You can use filter() (at least in the Python 2.x series... I think it might have been removed in 3.0)
newlist = filter(lambda item: item < limit, oldlist)
The first argument can be any callable (its result will be coerced to boolean, so it's best to use a callable that returns boolean anyway), and the second argument can be any sequence.
You could use filter
>>> filter(lambda i: i < limit, a)
[0, 1, 2, 3, 4, 5, 6, 7, 8]
But list comprehensions are the preferred way to do it
Here is what python docs has to say about this:
List comprehensions provide a concise way to create lists without resorting to use of map(), filter() and/or lambda. The resulting list definition tends often to be clearer than lists built using those constructs.
This is about the best you can do. You may be able to do better with filter, but I wouldn't recommend it.
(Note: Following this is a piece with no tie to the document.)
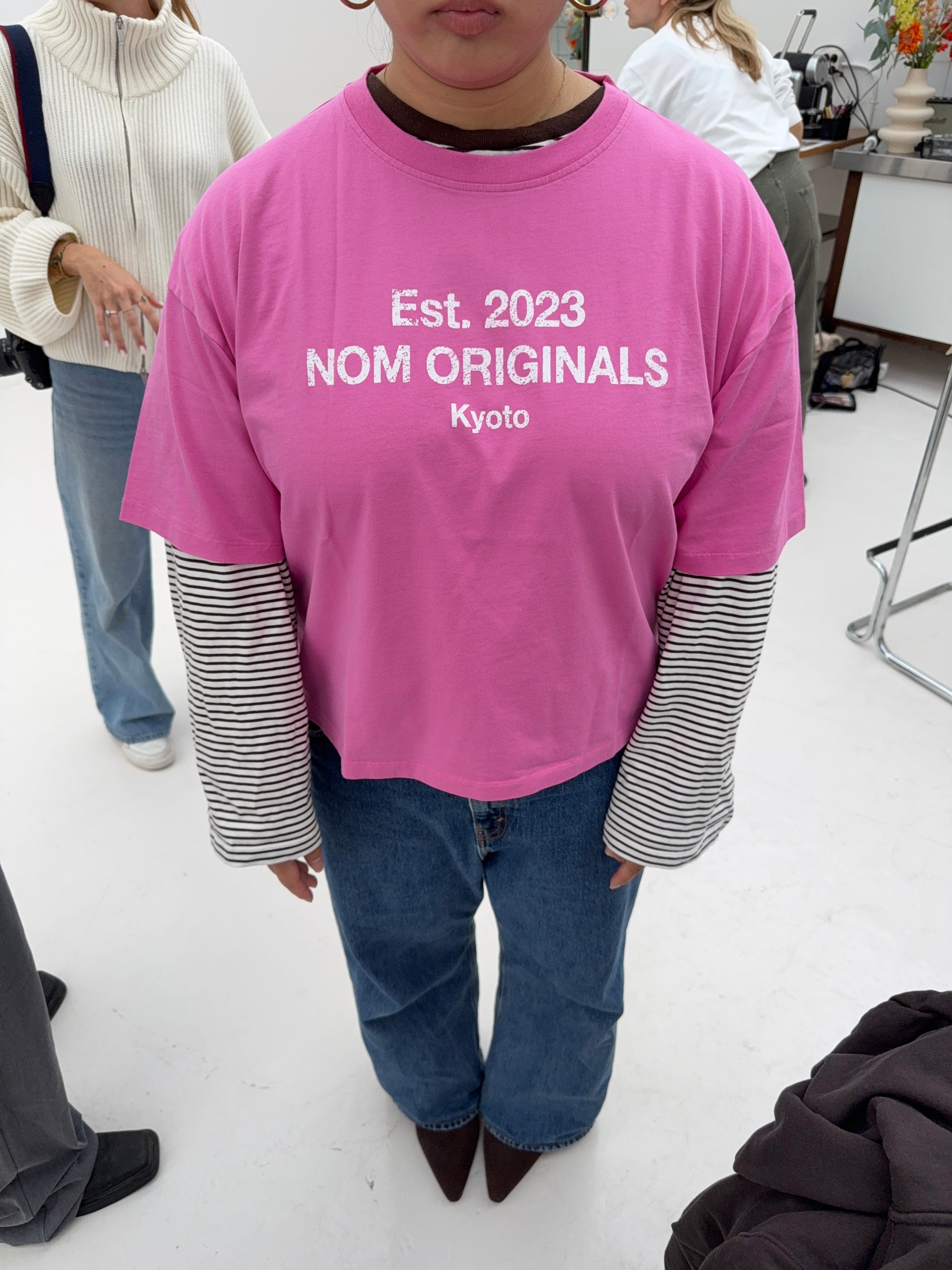 Boxy tee with a slightly cropped length, wide sleeves and body for cool everyday looks. Featuring NOM 3D logo. Buy your own size for an oversized fit, or size up for an extra wide fit.

Bear in mind that the list comprehension reads almost like english: "i for i in a if i < limit". This makes it much easier to read and understand, if a little on the verbose side.
The nicer versions require boilerplate code, so the list comprehension is as nice as you can get.
This would be one different way to do it:
from operator import ge
from functools import partial
filter(partial(ge, limit), a)
(But if you were to use filter, Nadia's way would be the obvious way to do it)